Data records
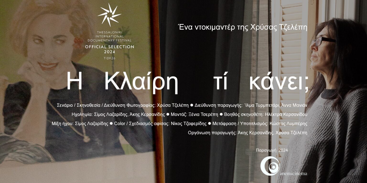 Η Κινηματογραφική Λέσχη Solaris συνεργάζεται με το Κινηματοθέατρο Αθήναιον, στη Θεσσαλονίκη, Βασιλίσσης Όλγας 35. Ξεκινώντας τη νέα περίοδο προβάλλουμε την ταινία-ντοκιμαντέρ «Η Κλαίρη τι κάνει;», της Χρύσας Τζελέπη. Η προβολή θα γίνει την Πέμπτη, 18 Απριλίου 2024, στις 21.00 παρουσία των συντελεστών της.
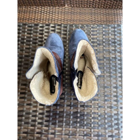 Naturalizer Tally boots womens size 8 in good pre owned condition normal wear and tear the color is navy blue show signs of wear on the tips of the toes and on the bottom of the shoes. See pictures for more details overall in good condition.
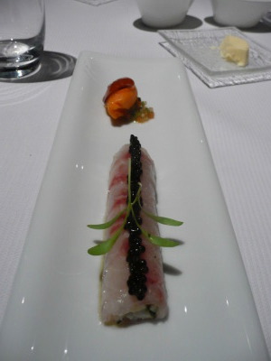 Chair d’araignée de mer roulé en fines lamelles de daurade royale, trait de caviar Osciètre, sorbet gaspacho
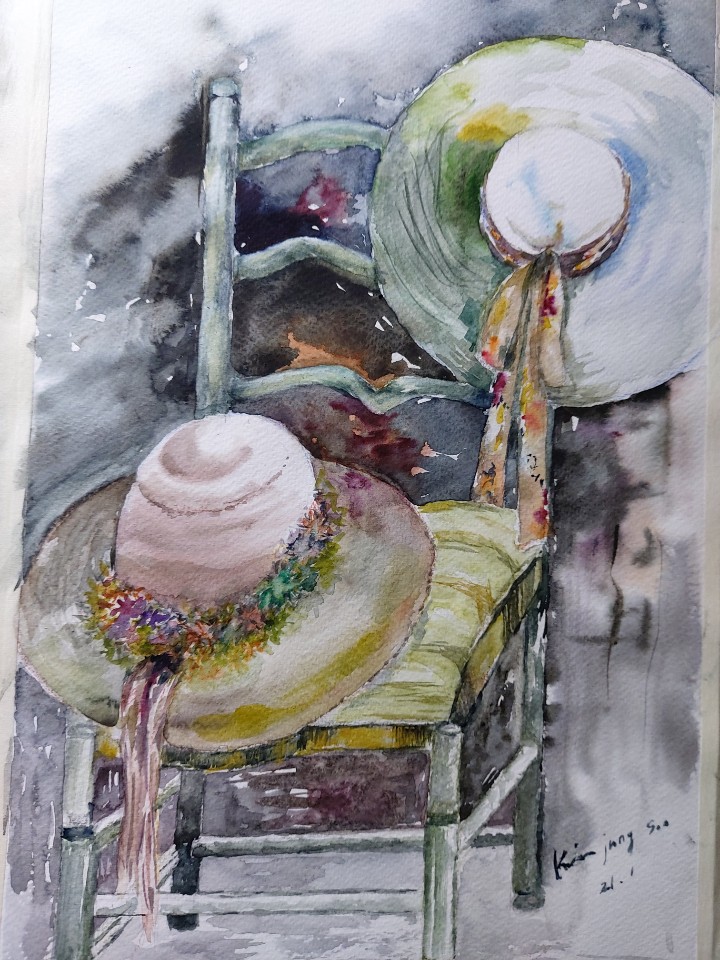 그림 : 김 정 수 두 마음 / 이 효 외출하고 돌아왔다. 붉은색 원피스도 모자도 벗는다 모자를 의자 모서리에 걸었다 양파 껍질을 벗기면 눈물이 난다 인간의 높고자 하는 욕망 틀어논 수도꼭지 같다 하이힐만큼이나 꽃이 달린 모자만큼이나 내 안에 꽈리를 틀고 춤추는 너 나를 쳐다보는 수많은 신선들 밤에 빛났던 불빛들 새벽 자동차 바퀴에 깔린 시간들 모자 속에 숨었던 새가 둥지에서 작은 깃털이 되는 순간이다 내일 아침 다시 모자를 쓰고 나갈까 아니, 다시는 모자를 쓰지 말자 두 마음이 키스를 한다 바벨탑을 오르는 모자들 발자국의 웅성거림 내일도 욕망은 엘리베이터를 기다린다.
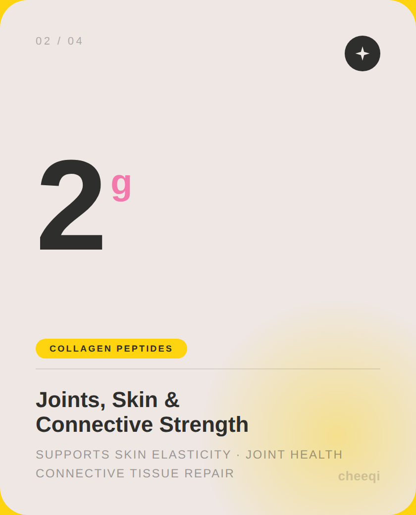 Cheeqi Core isn't about stacking capsules or counting pills. It's a single, precisely dosed daily serving — formulated so each ingredient amplifies the next. No fillers. No fluff. Just what your body actually needs to perform.
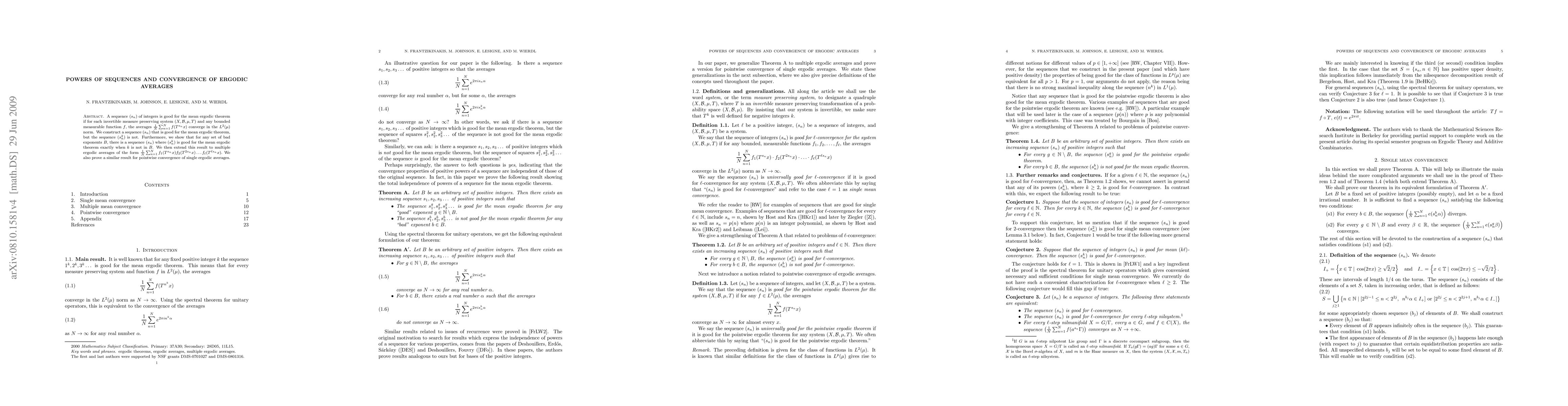 This paper constructs a sequence $(s_n)$ that satisfies the mean ergodic theorem but not for its squares, demonstrating nuanced behavior in ergodic averages. It further generalizes this result, showing that for any set of bad exponents $B$, there exists a sequence where $(s_n^k)$ conforms to the mean ergodic theorem if and only if $k$ is not in $B$, extending the findings to multiple ergodic averages and pointwise convergence.

## Required work
Set down the entries word for word, omitting all pictures.

## Response to this exercise
 Η Κινηματογραφική Λέσχη Solaris συνεργάζεται με το Κινηματοθέατρο Αθήναιον, στη Θεσσαλονίκη, Βασιλίσσης Όλγας 35. Ξεκινώντας τη νέα περίοδο προβάλλουμε την ταινία-ντοκιμαντέρ «Η Κλαίρη τι κάνει;», της Χρύσας Τζελέπη. Η προβολή θα γίνει την Πέμπτη, 18 Απριλίου 2024, στις 21.00 παρουσία των συντελεστών της.
 Naturalizer Tally boots womens size 8 in good pre owned condition normal wear and tear the color is navy blue show signs of wear on the tips of the toes and on the bottom of the shoes. See pictures for more details overall in good condition.
 Chair d’araignée de mer roulé en fines lamelles de daurade royale, trait de caviar Osciètre, sorbet gaspacho
 그림 : 김 정 수 두 마음 / 이 효 외출하고 돌아왔다. 붉은색 원피스도 모자도 벗는다 모자를 의자 모서리에 걸었다 양파 껍질을 벗기면 눈물이 난다 인간의 높고자 하는 욕망 틀어논 수도꼭지 같다 하이힐만큼이나 꽃이 달린 모자만큼이나 내 안에 꽈리를 틀고 춤추는 너 나를 쳐다보는 수많은 신선들 밤에 빛났던 불빛들 새벽 자동차 바퀴에 깔린 시간들 모자 속에 숨었던 새가 둥지에서 작은 깃털이 되는 순간이다 내일 아침 다시 모자를 쓰고 나갈까 아니, 다시는 모자를 쓰지 말자 두 마음이 키스를 한다 바벨탑을 오르는 모자들 발자국의 웅성거림 내일도 욕망은 엘리베이터를 기다린다.
 Cheeqi Core isn't about stacking capsules or counting pills. It's a single, precisely dosed daily serving — formulated so each ingredient amplifies the next. No fillers. No fluff. Just what your body actually needs to perform.
 This paper constructs a sequence $(s_n)$ that satisfies the mean ergodic theorem but not for its squares, demonstrating nuanced behavior in ergodic averages. It further generalizes this result, showing that for any set of bad exponents $B$, there exists a sequence where $(s_n^k)$ conforms to the mean ergodic theorem if and only if $k$ is not in $B$, extending the findings to multiple ergodic averages and pointwise convergence.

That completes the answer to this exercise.